Source material.
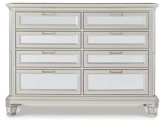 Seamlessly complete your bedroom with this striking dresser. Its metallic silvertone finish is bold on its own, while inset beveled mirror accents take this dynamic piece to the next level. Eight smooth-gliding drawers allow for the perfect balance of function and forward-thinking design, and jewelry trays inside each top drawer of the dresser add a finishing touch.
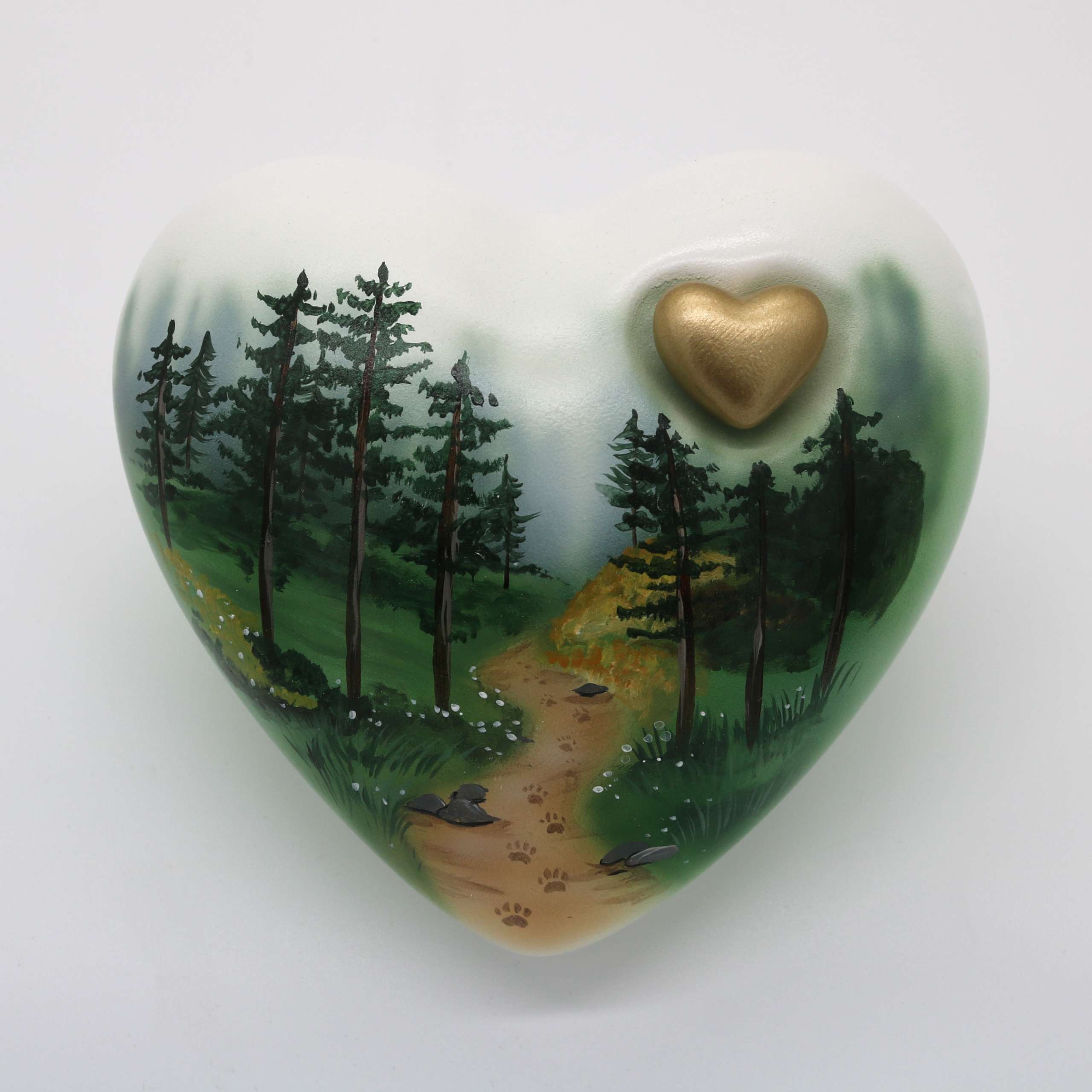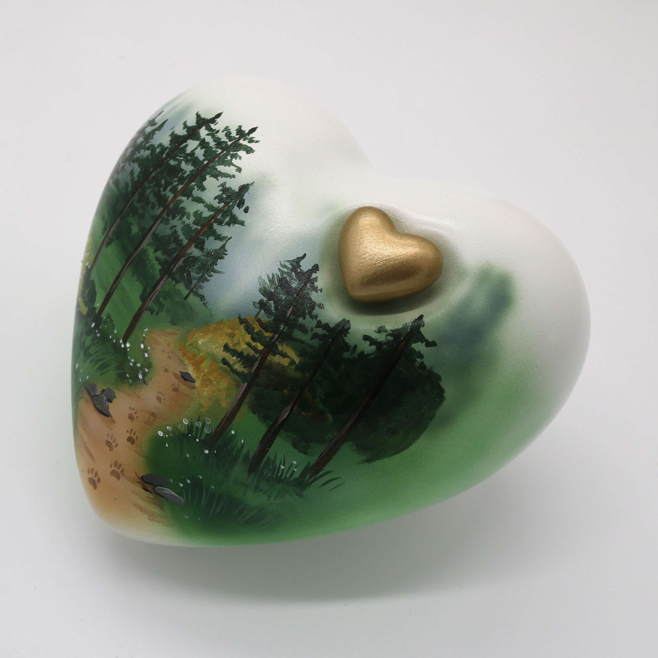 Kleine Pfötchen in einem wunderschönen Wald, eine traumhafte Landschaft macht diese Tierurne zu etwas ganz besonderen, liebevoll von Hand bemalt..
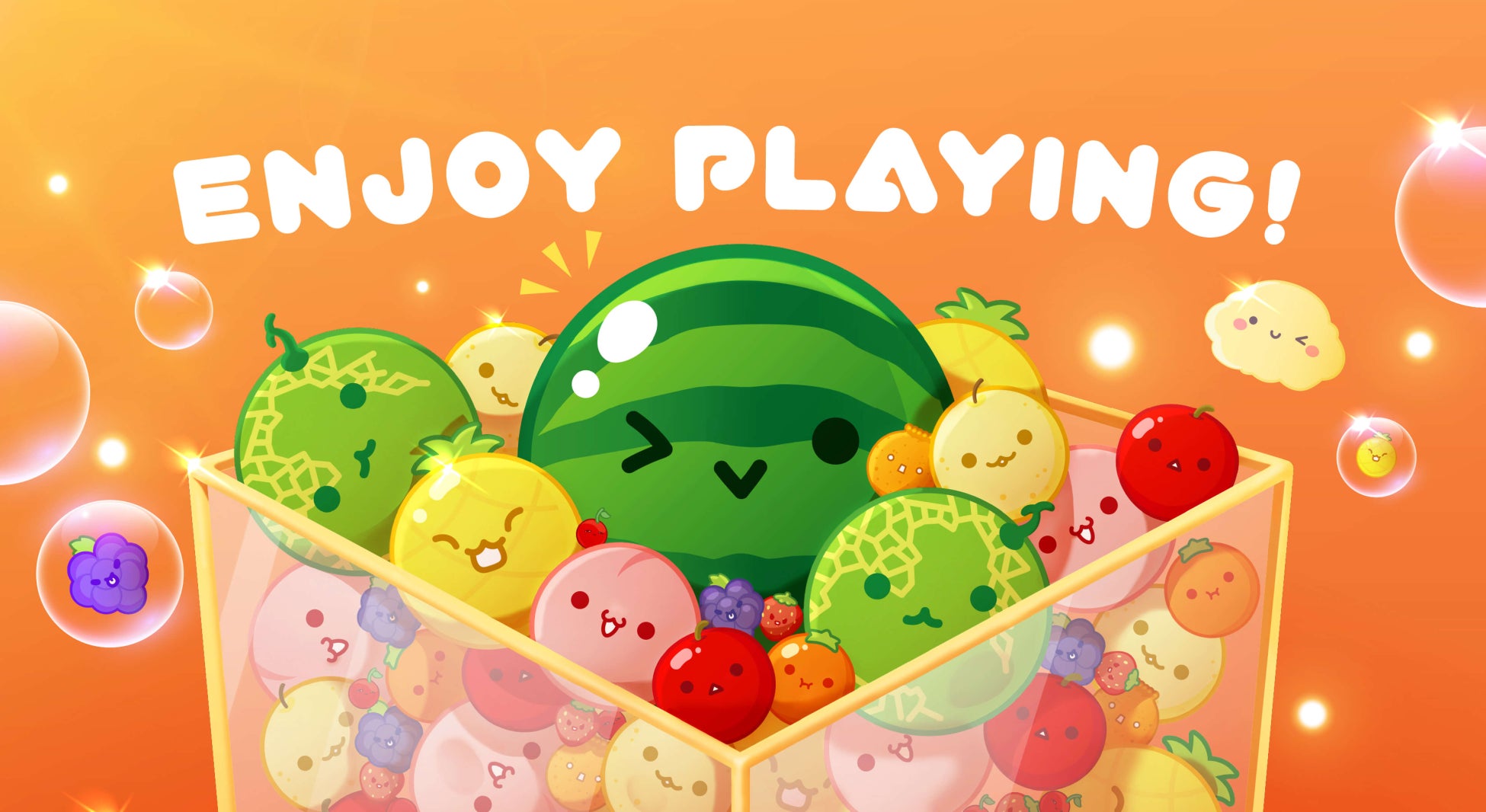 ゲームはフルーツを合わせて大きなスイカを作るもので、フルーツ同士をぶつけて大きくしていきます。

Work to complete.
Print all data above verbatim, except pictures.

Solved problem.
 Seamlessly complete your bedroom with this striking dresser. Its metallic silvertone finish is bold on its own, while inset beveled mirror accents take this dynamic piece to the next level. Eight smooth-gliding drawers allow for the perfect balance of function and forward-thinking design, and jewelry trays inside each top drawer of the dresser add a finishing touch.
 Kleine Pfötchen in einem wunderschönen Wald, eine traumhafte Landschaft macht diese Tierurne zu etwas ganz besonderen, liebevoll von Hand bemalt..
 ゲームはフルーツを合わせて大きなスイカを作るもので、フルーツ同士をぶつけて大きくしていきます。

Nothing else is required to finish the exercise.